Final answer:
To find the grams of the excess reactant used, first determine the limiting reactant by comparing the amount of product expected for complete reaction of each reactant. Then, calculate the grams of the excess reactant that will be used. The answer is option b: 36.5 grams of the excess reactant will be used.
Step-by-step explanation:
To determine the grams of the excess reactant used, we need to find the limiting reactant first. We can do this by comparing the amount of product expected for complete reaction of each reactant. The balanced equation for the reaction is:
Cr2O3 + 3Si → 2Cr + 3SiO2
From the equation, we can see that 1 mole of Cr2O3 reacts with 3 moles of Si.
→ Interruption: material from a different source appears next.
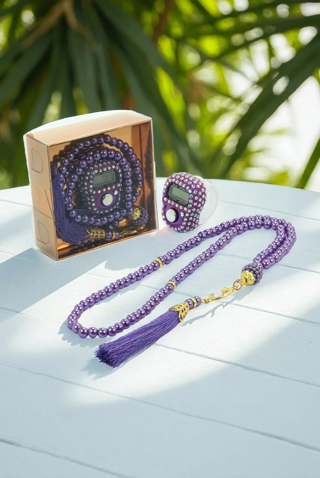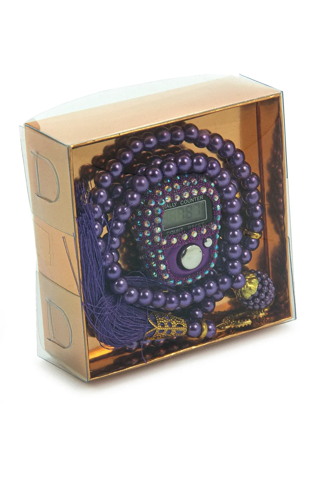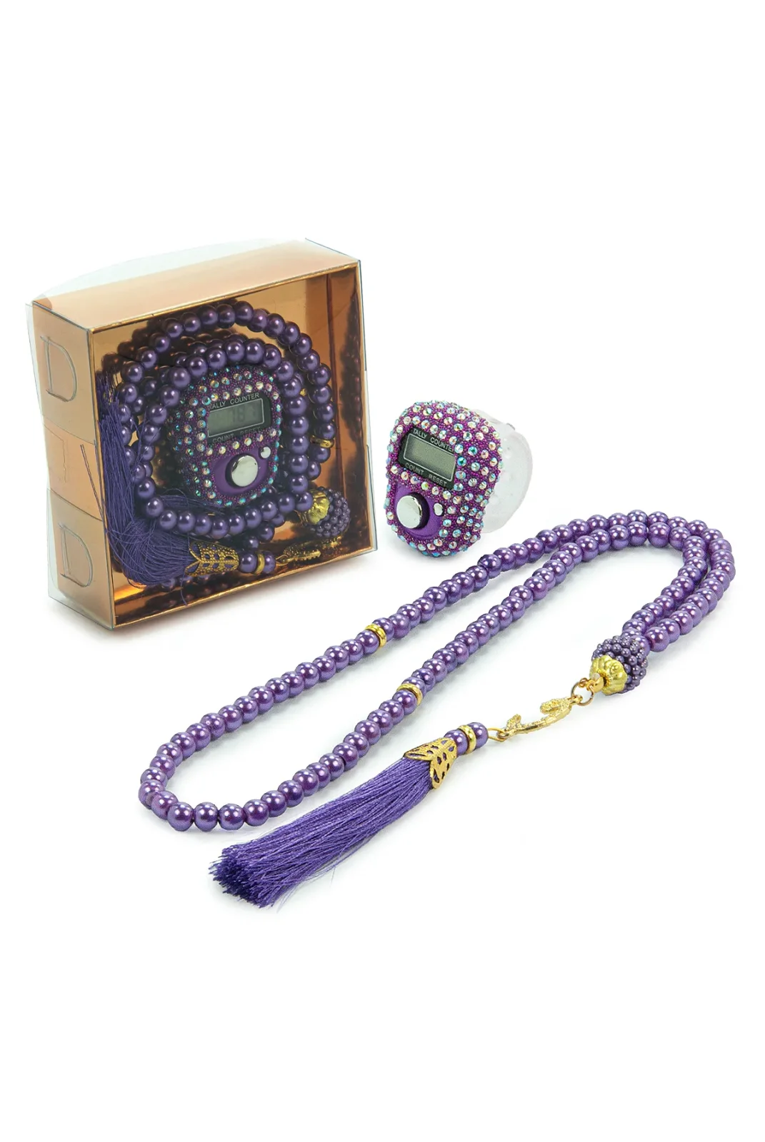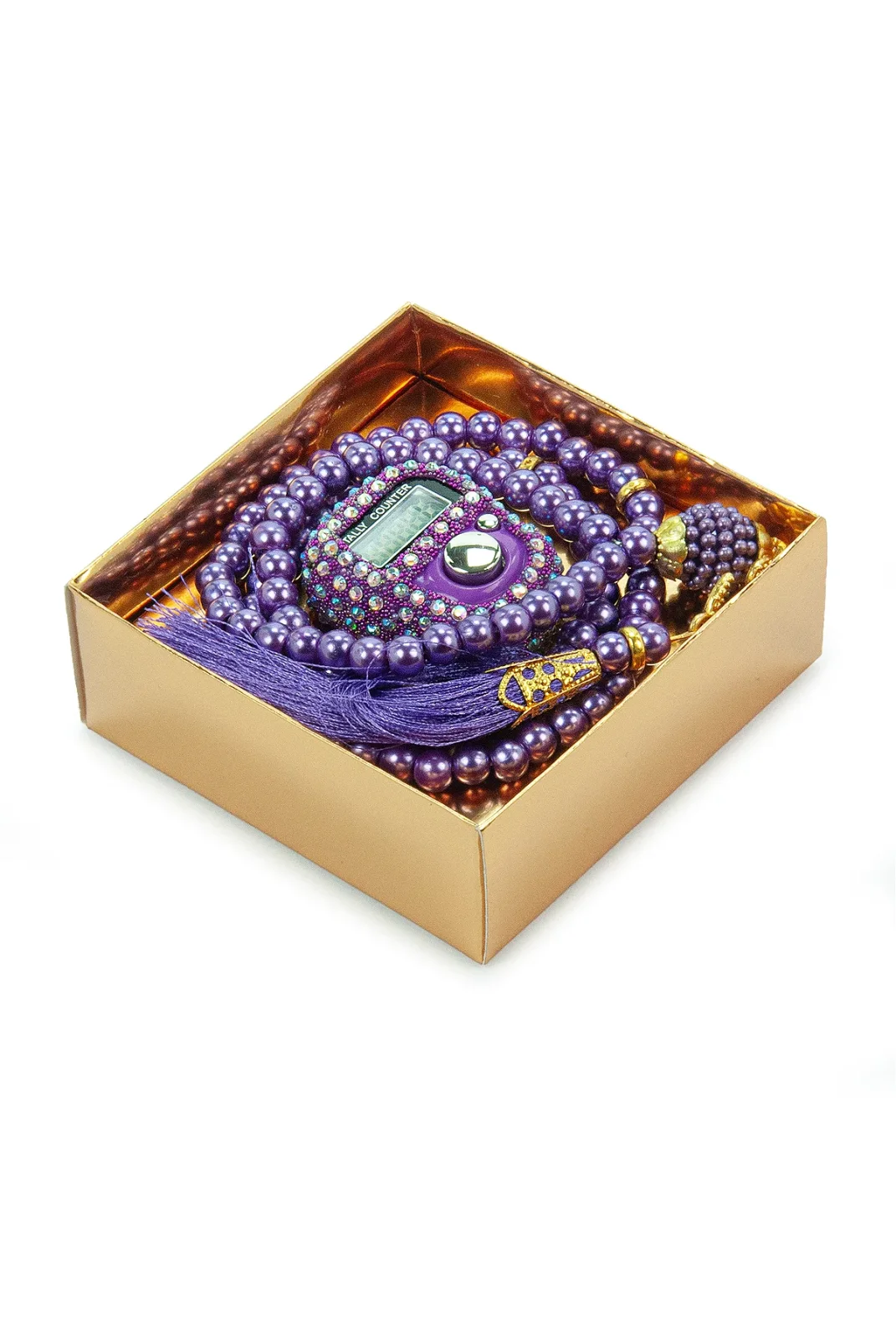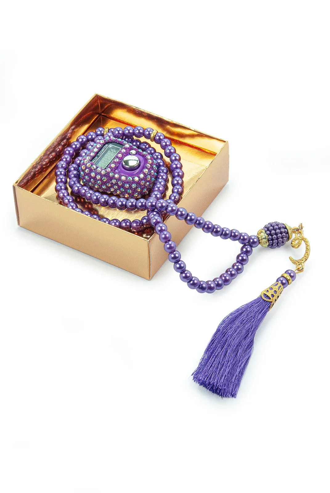 Hediyelik Taşlı Zikirmatik ve 99 lu İnci Tesbih Kutulu Set - Mor
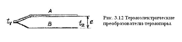 термопара — относятся к устройствам генераторного типа. Они работают на принципе возникновения термоэлектродвижущей силы (термо-ЭДС) в двух сваренных друг с другом разнородных металлах А и Б при нагреве места спая (рис. 3.12). Значение термо-ЭДС пропорционально разности температур ∆tмежду спаем и свободными концами: е = k∆t (к — термоэлектрический коэффициент, зависящий от свойств материалов термопары). Значение термо-ЭДС не зависит от формы и геометрических размеров электродов. ЭДС на свободных концах термопары объясняется тем, что энергия свободных электронов в разных материалах неодинакова и по-разному зависит от температуры. Однако с ее увеличением энергия свободных электронов возрастает. Это вызывает их поток к холодному концу термопары, где накапливается отрицательный заряд. Разное число свободных электронов вызывает разность потенциалов на их свободных концах. При замыкании свободных концов потечет электрический ток, значение которого пропорционально разности t1 — t2

So, if we start with 145.0 grams of Cr2O3, we can convert it to moles using its molar mass:
(145.0 g Cr2O3) / (151.99 g/mol Cr2O3) = 0.955 mol Cr2O3
Now, we can use the stoichiometry of the balanced equation to find the moles of Si that would react with 0.955 mol Cr2O3:
(0.955 mol Cr2O3) × (3 mol Si / 1 mol Cr2O3) = 2.865 mol Si
Since we have 117.0 grams of Si, we can convert it to moles using its molar mass:
(117.0 g Si) / (28.09 g/mol Si) = 4.163 mol Si
Comparing the moles of Si calculated above with the moles needed for complete reaction, we can see that 2.865 mol Si is the limiting reactant because it is smaller. Now, we can calculate the grams of the excess reactant that will be used:
(4.163 mol Si) - (2.865 mol Si) = 1.298 mol Si
To convert moles of Si to grams of the excess reactant:
(1.298 mol Si) × (28.09 g/mol Si) = 36.47 grams of Si (rounded to the nearest hundredth)
Therefore, the answer is option b: 36.5 grams of the excess reactant will be used.